Worker dies after silo collapse; family mourns
MEDLEY, Fla. (WSVN) -- A man has died after the roof of a silo filled with concrete mix collapsed, while he was standing on top of it.
The fatal fall occurred Friday morning. Pierre Mezidor, an inspector at Titan America in Medley, was about 200 feet up when the silo's roof collapsed underneath him.
According to Miami Dade Fire Rescue, the silo was anywhere from 50 to 75 percent full of a powdery cement mix at the time of the fatal incident. They believe Mezidor could have fallen anywhere from 50 to 100 feet down into the silo. Miami-Dade Fire Rescue Lieutenant Arnold Pedrahita said, "In our opinion, sadly, if the fall wasn't what killed him, then the engulfment in the cement powder asphyxiated him."
Dozens of Miami-Dade firefighters, along with the Urban Search and Rescue Team. HazMat crews and K-9 units rushed to the scene. It took hours to assess the situation. Crews had to shut down a generator that powered the structure, which took over a half hour to completely turn off.
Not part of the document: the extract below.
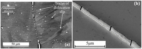 This behavior of the REM-rich grain bounadry layers can be illustrated by the SEM micrographs of the sample sections examined after the mechanical tests. Figure 8 shows the microstructure of two sections of the deformed sample. In Figure 8a, it is visible that during deformation, the dislocations slide in the bulk of the Mg grains until they reach the grain boundaries. Here, they either cross the grain boundary in a place where there are no solid particles of the intermetallic compound on it, or they stop at the particle of the intermetallic compound, accumulate, and form a pile-up. It is because, due to the higher hardness of the REM-enriched phase [3], the significantly greater forces must be applied to glide dislocations in this phase. To the right of the grain boundary (Figure 8a), the curved lines between the dark-grey and light-grey areas are visible. They can be interpreted as traces of dislocation sliding. To the left of the grain boundary in Figure 8a, there are intersecting areas of alternating contrast due to distortions in the Mg crystal lattice. In Figure 8b, it is clearly seen that in those areas where the intermetallic phase interlayers completely wet the grain boundary, the dislocations accumulate at the interphase boundary Mg/REM phase until at some point, the load on the intermetallic interlayer exceeds a certain critical value. Afterward, the crack forms in the REM-rich intermetallic compound. This fact confirms once again that the different morphology of the location of the intermetallic phase in the wetted and non-wetted grain boundaries significantly affects the mechanical properties of the alloy.

A structural specialist had to be called in to analyze how the structure fell and which way could be the safest way for crews to get inside.
Multiple search teams responded with infrared and sonic equipment to assist in the search. Friday afternoon, crews were lowered into the silo by a crane with heat-sensing equipment and a special camera to burrow through the rubble in order to look for signs of life. The two rescuers had to be lowered in wearing masks in a basket from the crane due to the hazardous situation.
Hours into the complicated rescue effort, by 5:21 p.m., rescue workers called the search for Mezidor a search and recovery operation.
This is not the first time this site has needed the attention of fire rescue crews. On April 22, 2008, a fire at that location needed 100 firefighters to put it out. No one was severely injured in that case. Also, over 10 years ago, fire crews had to dig out a worker who fell into the cement mix.
Miami-Dade Police have taken over the operation. According to fire rescue crews, it make take several days for police to get to Mezidor's body.
Authorities continue to investigate.
Meanwhile, Mezidor's family is grieving their loss. Mezidor's stepdaughter, Sophia Pierre, had only fond memories of her stepdad. According to Pierre, although the 58-year-old did not have a college language, he spoke three languages fluently: English, Creole and Spanish.
Pierre said her stepfather was also a caring man who loved his family. "He's the type of person that anybody would like to go to and speak to," she said. "If you need any help, he's always there."
Mezidor worked for Titan America, Pierre said, and he loved his job. "They could just call him and he'd say, 'OK, I'll come in.' It could be his day off, and we'd say, 'You work too hard. You need to relax."
According to Pierre, she is still hoping that her stepfather is alive. "Worst case scenario, if it is what they're saying it is, I just regret the fact that I can't tell him 'I love you,'" she said. "We serve a God of miracles, so I'm still holding out. Hopefully, I get a call that says he's OK. Maybe he's unconscious."
Pierre said she does not know how she will break the news of Mezidor's death to her 2-year-old daughter.